И все-таки, видя и сознавая это и думая об этом какими-то клочками мыслей, обрывочно, в перебивку скользившими в нем, он продолжал ползти навстречу пулям. Уже не отвага вела его, отваги в нем сохранилось так мало, что она не способна была им управлять, двигать, – вело другое, более серьезное, весомое. То, что удерживало на этом поле побоища и всех других, не позволяло покинуть свои места и повернуть вспять, обратиться в бегство ради спасения своих жизней. И не только удерживало, но и давало силы все еще бороться, мужественно принимать смерть и раны, снова и снова пытаться исполнить задачу, которая была назначена полкам, хотя полная безнадежность такой борьбы, увиденная и осознанная Платоновым только что, здесь, на этом поле под городом, была давно уже для всех ясна.

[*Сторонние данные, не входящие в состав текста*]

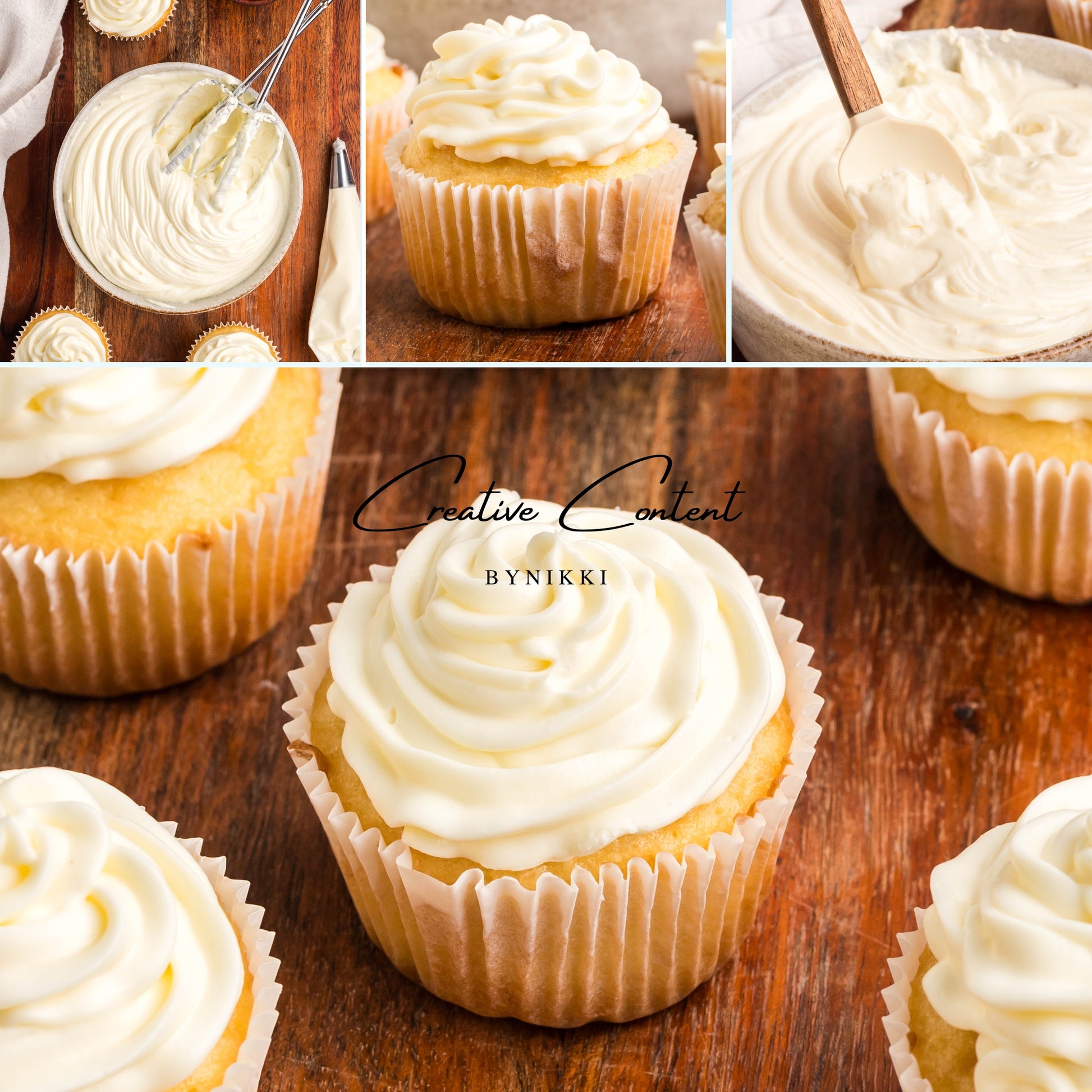- Ingredients: cream cheese, powdered sugar, vanilla extract, and heavy cream.
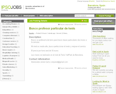 IPSOJOBS, te una orientació clarament global, inicialment traduït l'interface en català, castellà, anglés, xines i japones, permet introduïr o cercar ofertes de feina a Barcelona, Girona, Kyoto, Madrid, New York i Shanghai.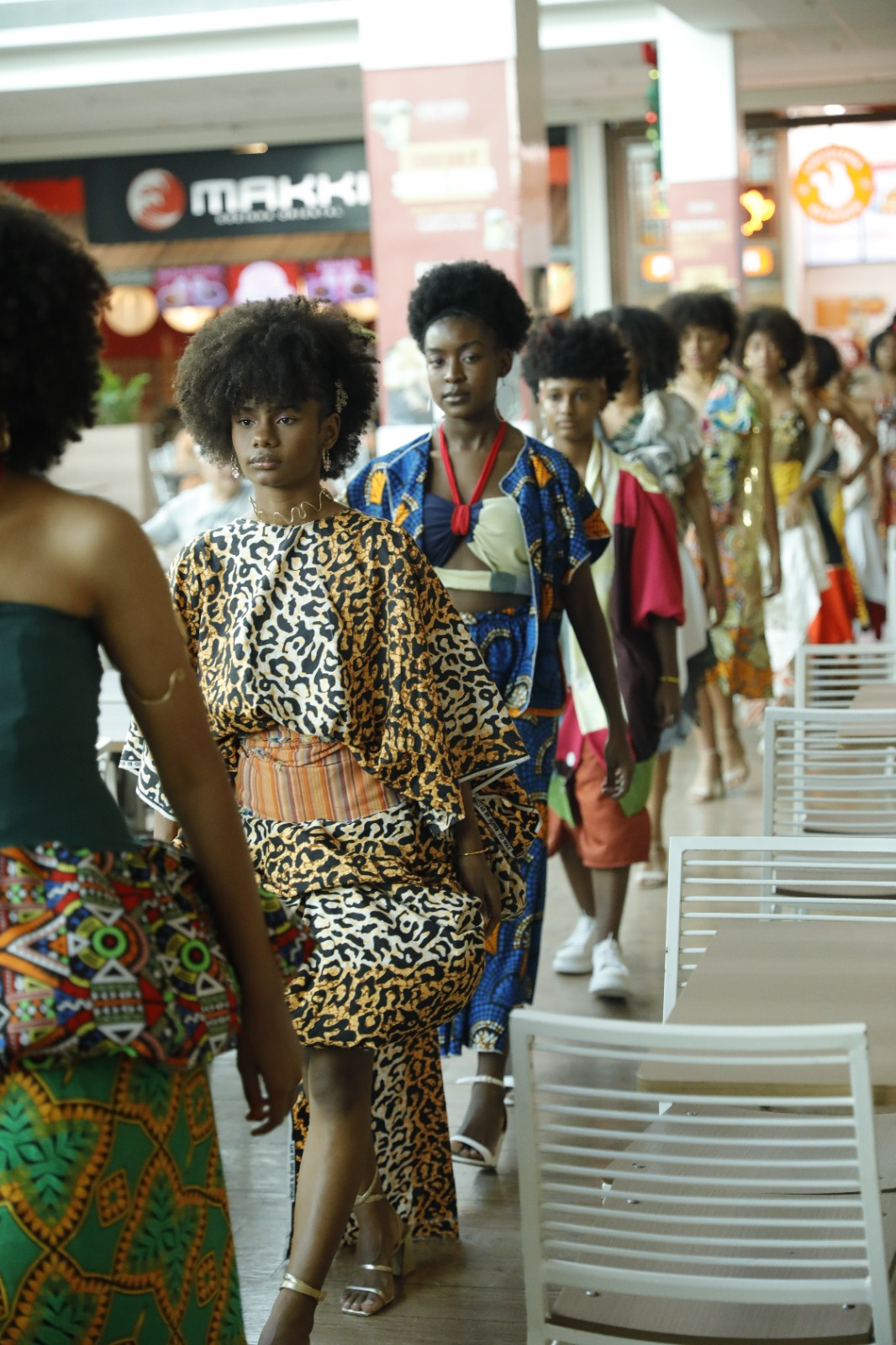 Depois de desfilarem nos corredores das secretarias estaduais da Educação (SEC) e da Saúde (Sesab), em celebração à cultura afro-brasileira dentro da campanha do Novembro Negro, estudantes do Colégio Estadual Clarisse Santiago dos Santos se apresentaram, nesta terça-feira (17), no Shopping Bela Vista. Voltado para a valorização da cultura, identidade e raízes do povo negro, o desfile de moda exibiu figurinos desenhados, customizados e costurados, no Ateliê Criativo Jovem em Ação, por alunos da unidade escolar situada no bairro do Arenoso, em Salvador, dentro do Programa Mais Educação, da SEC.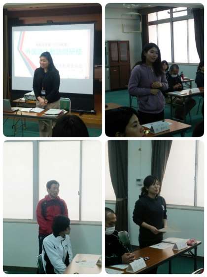 本日の授業者の振り返りや、参観者の感想など意見交流をし、その後講師の上田先生による指導高評と外国語活動の指導に関する研修をしていただきました。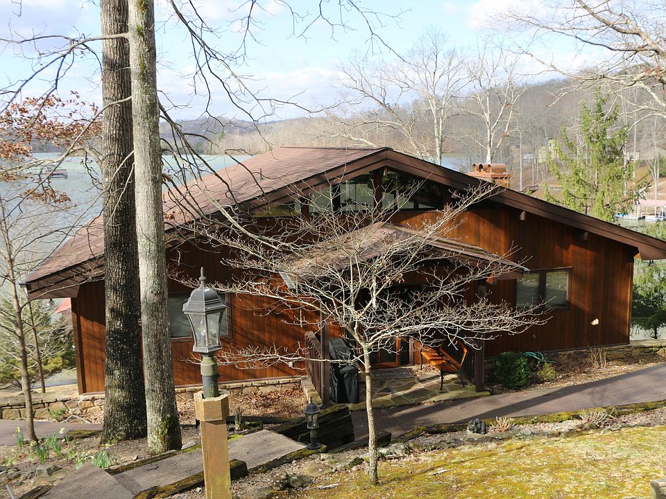 Lakefront dreamers, look no more! Idyllic cove with deep year round water looks across to undeveloped waterfront treeline near the Sugar Hollow side of Deerfield Resort. Soaring tongue and groove cathedral ceilings over expansive kitchen, dining and great room with wall to wall, floor to ceiling lake views. Walk-out decks from great room and family room which both have fireplaces, bonus rec room, large laundry / utility storage, 1st floor master all on a gently sloping lot with a shed and good off-street parking, as well as a double -slip covered dock, hot tub and furnishings negotiable separately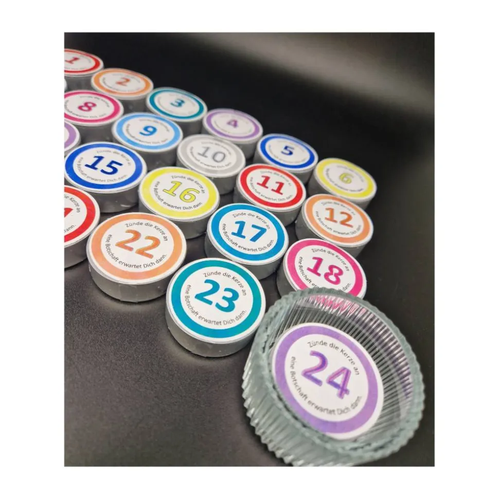 Entdecke 24 geheime Botschaften in 24 Teelichtern – die perfekte Adventskalender Füllung oder Geschenkidee für die Vorweihnachtszeit! Du erhälst 24 einzelne Teelichter, jeweils mit einem schönen Glücksspruch und inklusive praktischem Glasteelichthalter. Der Glasteelichthalter ist in einer Geschenkbox verpackt.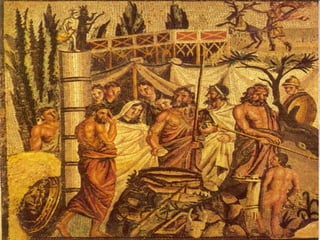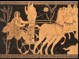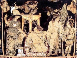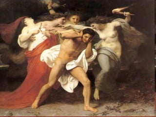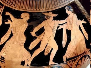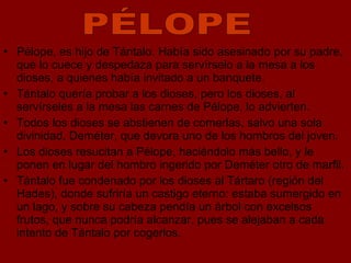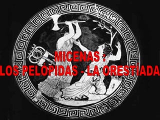 El documento resume la saga de los Pelópidas, una familia real de Micenas marcada por la maldición y el derramamiento de sangre. Pélope funda la dinastía y es padre de Hipodamia y Atreo. Atreo y su hermano Tiestes se disputan el trono, lo que genera una enemistad que desemboca en crímenes atroces como canibalismo y asesinatos. Sus hijos Agamenón y Menelao heredan la rivalidad. Agamenón es asesinado por su esposa Clitemnestra y su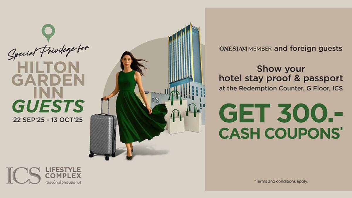โดย ICS Lifestyle Complex มอบความพิเศษให้กับสมาชิก ONESIAM ที่เข้าพักในโรงแรม Hilton Garden Inn Bangkok Riverside เพียงแสดงหลักฐานการเข้าพัก พร้อมบัตรประชาชนหรือพาสปอร์ต ณ จุดแลกของสมนาคุณ ชั้น G ICS Lifestyle Complex สามารถแลกรับทันที คูปองส่วนลดแทนเงินสดมูลค่า 300 บาท (มูลค่าใบละ 100 บาท สำหรับใช้ ณ ร้านค้าภายในไอซีเอสที่ร่วมรายการ ขั้นต่ำ 300.- ขึ้นไป, จำนวนรวม 3 ใบ) จำกัด 1 สิทธิ์ / ท่าน / วัน / การจองห้องพัก และจำกัดการแลกรับสูงสุด 2 สิทธิ์ / ท่าน ) สำหรับใช้เป็นส่วนลดในร้านค้าที่ร่วมรายการ รวมกว่า 40 ร้านค้า และแบรนด์ชั้นนำ ครบครันทุกไลฟ์สไตล์ ทั้งร้านอาหารชื่อดัง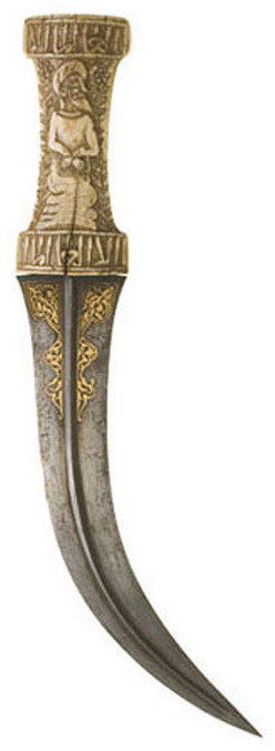 Knife; Dagger, Ivory Handle, Gold Inlaid Blade, India, 14 inch.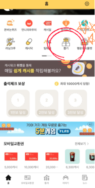 캐시워크 홈 화면 상단에 보면 "뽑기"라는 창이 있는데요.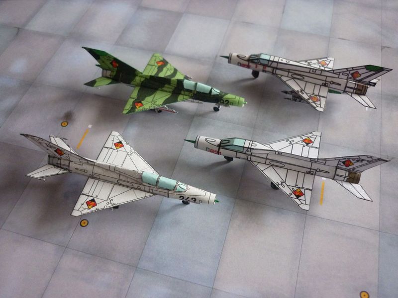 4 MiG-21 d'origines différentes (Fiddlersgreen, Paragon, Rawen & Paran + mon MiG-21U). Le modèle de Fiddlersgreen est clairement plus gros et le 1/250 du modèle de Rawen et Paran est très proche de mon 1/200 (le MiG-21U et le modèle Paragon).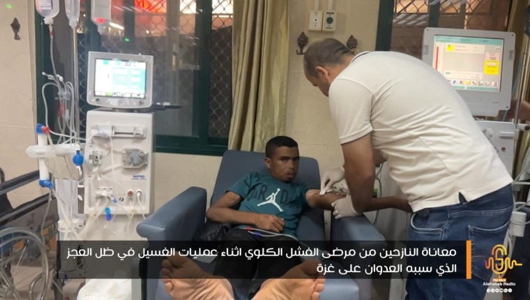 معاناة النازحين من مرضى الفشل الكلوي اثناء عمليات الغسيل في ظل العجز الذي سببه الع.د.و.ان على غزة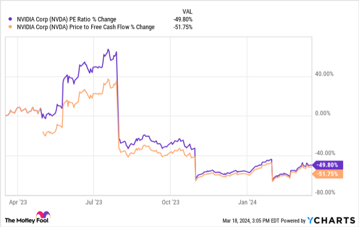Comparing Nvidia’s price-to-free-cash-flow and price-to-earnings ratios over the recent year reveals a decline, signaling that the stock stands at its most appealing valuation in 12 months.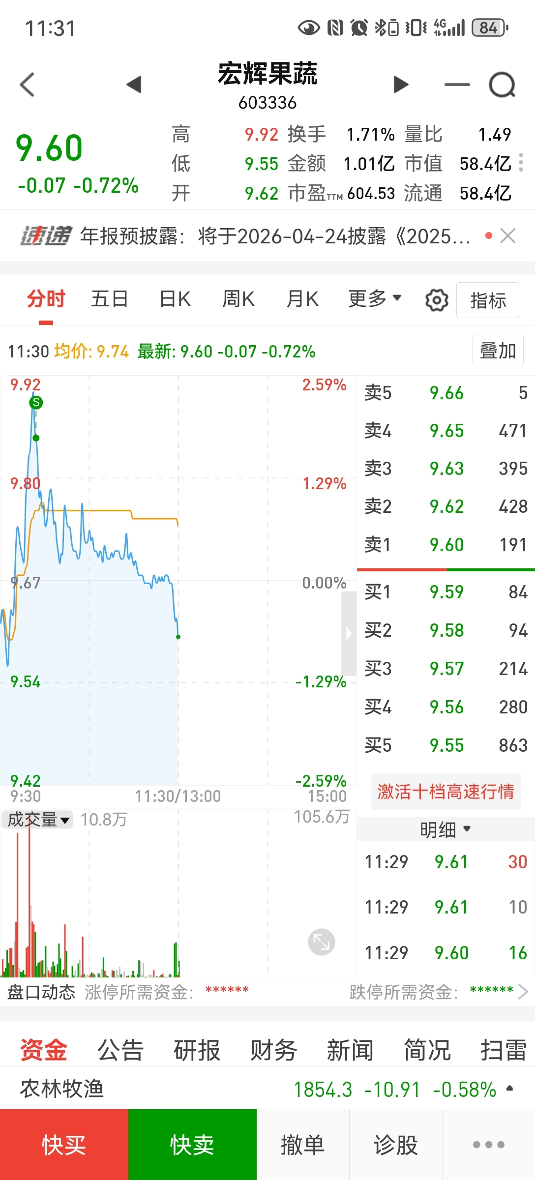 $宏辉果蔬(SH603336)$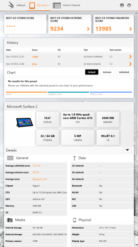 「Ice Storm Extreme」は9234、「Ice Storm Unlimited」は13985という結果。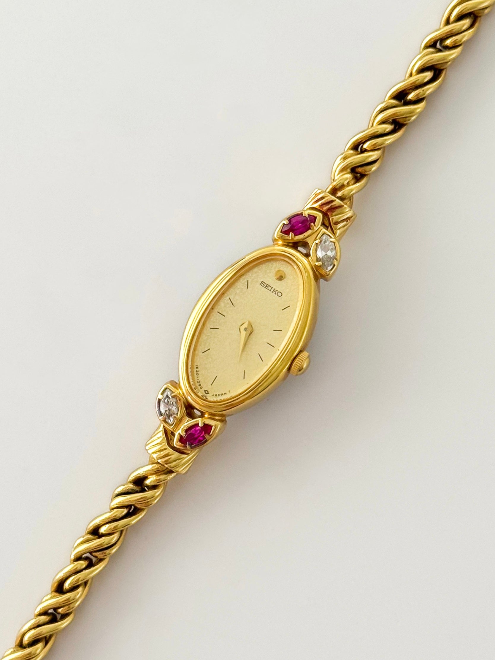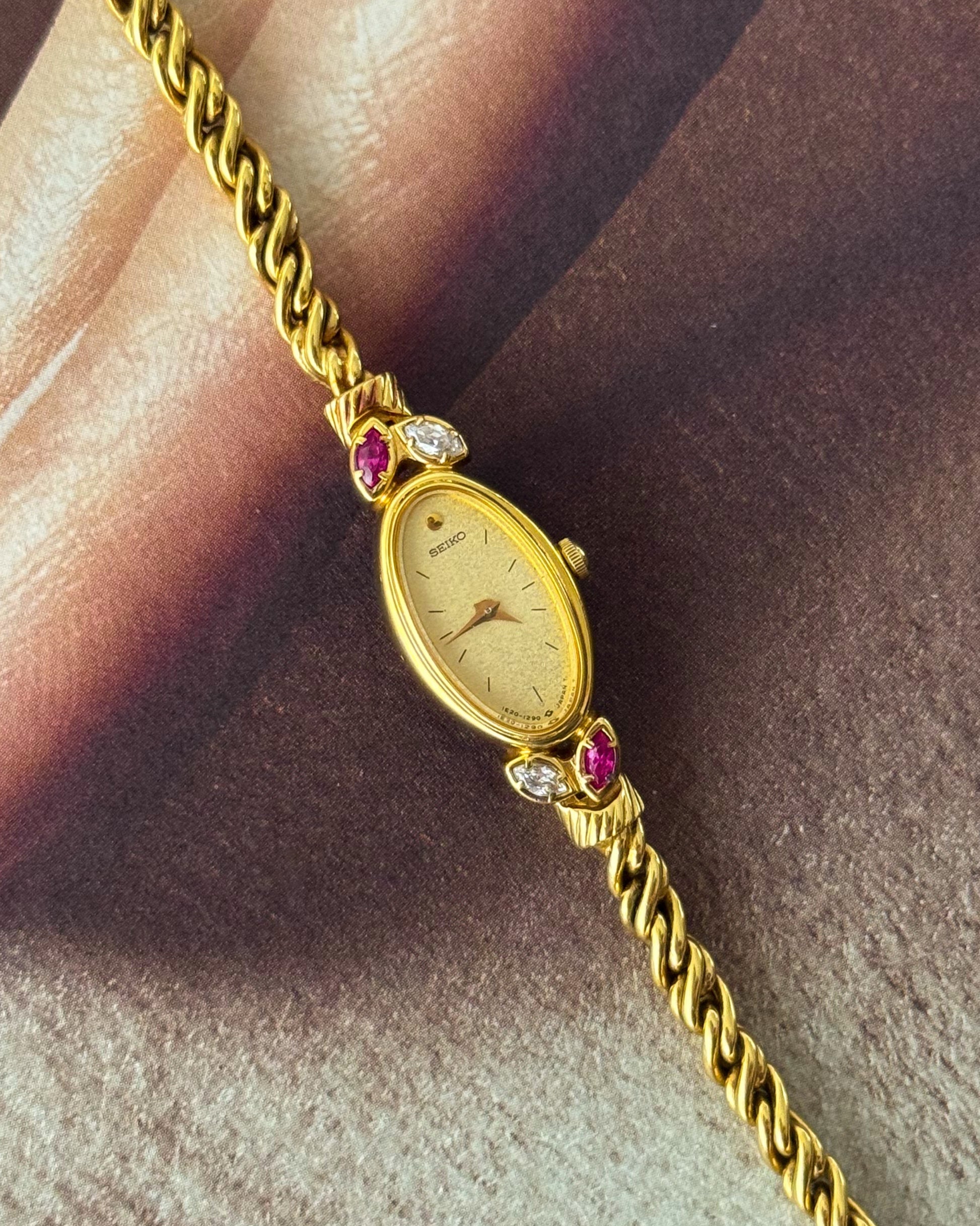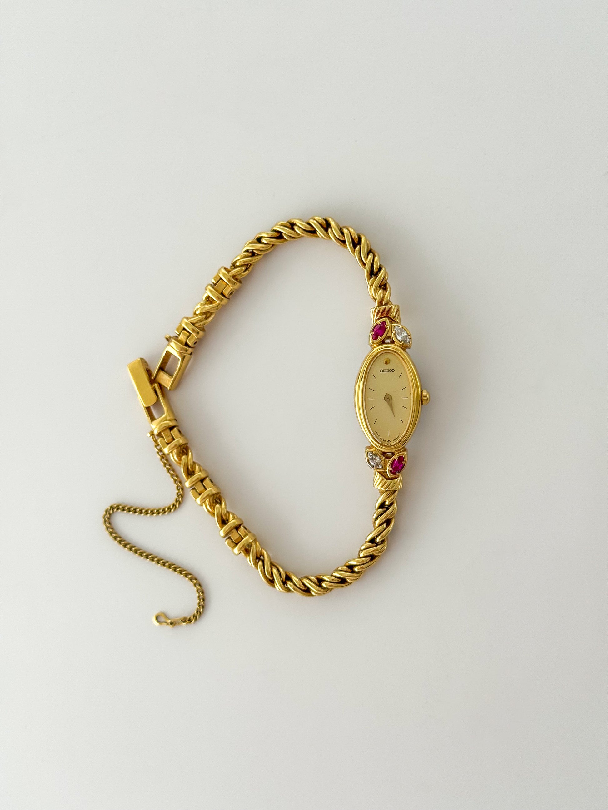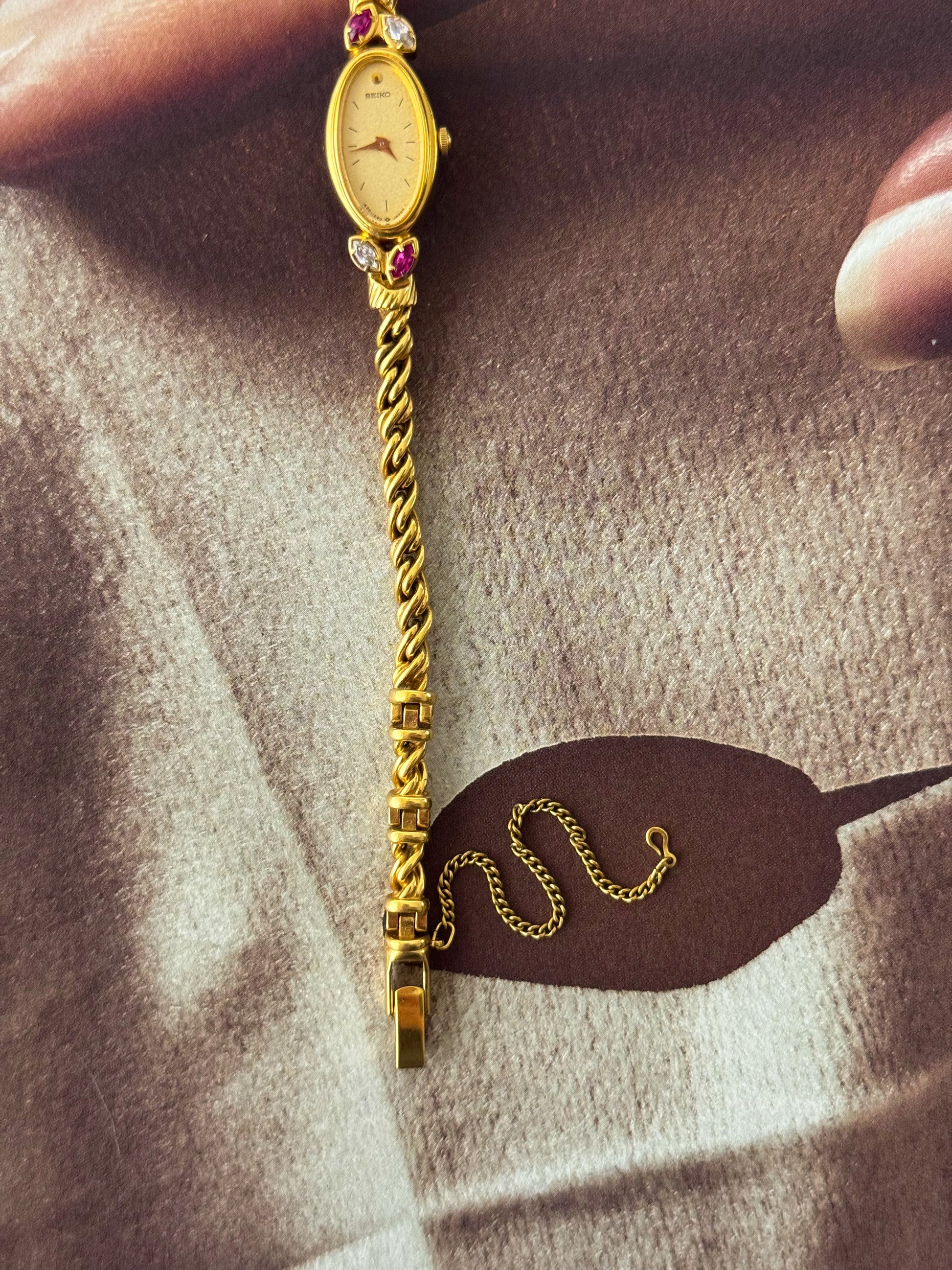 Extremely RARE 1990s Gold Plated Seiko Watch With Genuine Rubies And Rope Band

Пусть не нужен его провод, – лихорадочно билось внутри Платонова вместе с гулом крови, громким стуком сердца, пусть напрасны усилия, пусть напрасны, ни для чего, продолжающиеся смерти и раны, пускай ничего не вышло из дела, потому что у кого-то оказались плохие головы, но он свое – маленькое, рядовое, что составляет его долг, его долю, его службу – отслужит полностью, до конца. Или сколько успеет, сколько ему будет отпущено. Хотя бы только затем, чтобы потом не за что было себя упрекнуть, чтобы совесть его и честь его воинская остались чисты, на какой бы строгий суд ни пришлось им предстать...
Не известно, как долго бы еще он полз и нашел бы он вообще командный центр батальона, если бы ему не попался старый кабель – он и привел Платонова в обширную воронку от полутонной авиабомбы, где находилось батальонное и полковое начальство с командиром полка. Это было уже его чуть ли не пятое место за время боя, самое близкое к переднему краю и самое опасное. Но зато оно вполне отвечало характеру командира и поэтому вполне его устраивало.
Добравшись наконец до укрытия, Платонов нырнул в него, как ныряют в воду, головою вниз, даже не успев ясно разглядеть, что у него перед глазами, и точно мешок свалился прямо в гущу находившихся в воронке людей.
Командир батальона только что ползал в одну из рот, пытался поднять ее и подойти с нею к больнице, но это не удалось, комбат получил ранение и вернулся. Он сидел, привалившись спиною к скосу воронки, упершись в землю для крепости руками и приподняв одну ногу, без сапога и портянки, до синеватости белую на фоне темно-коричневой глины. Галифе было распорото выше колена, боец-санитар с медицинской сумкой на боку наматывал на всю длину голени широкий бинт.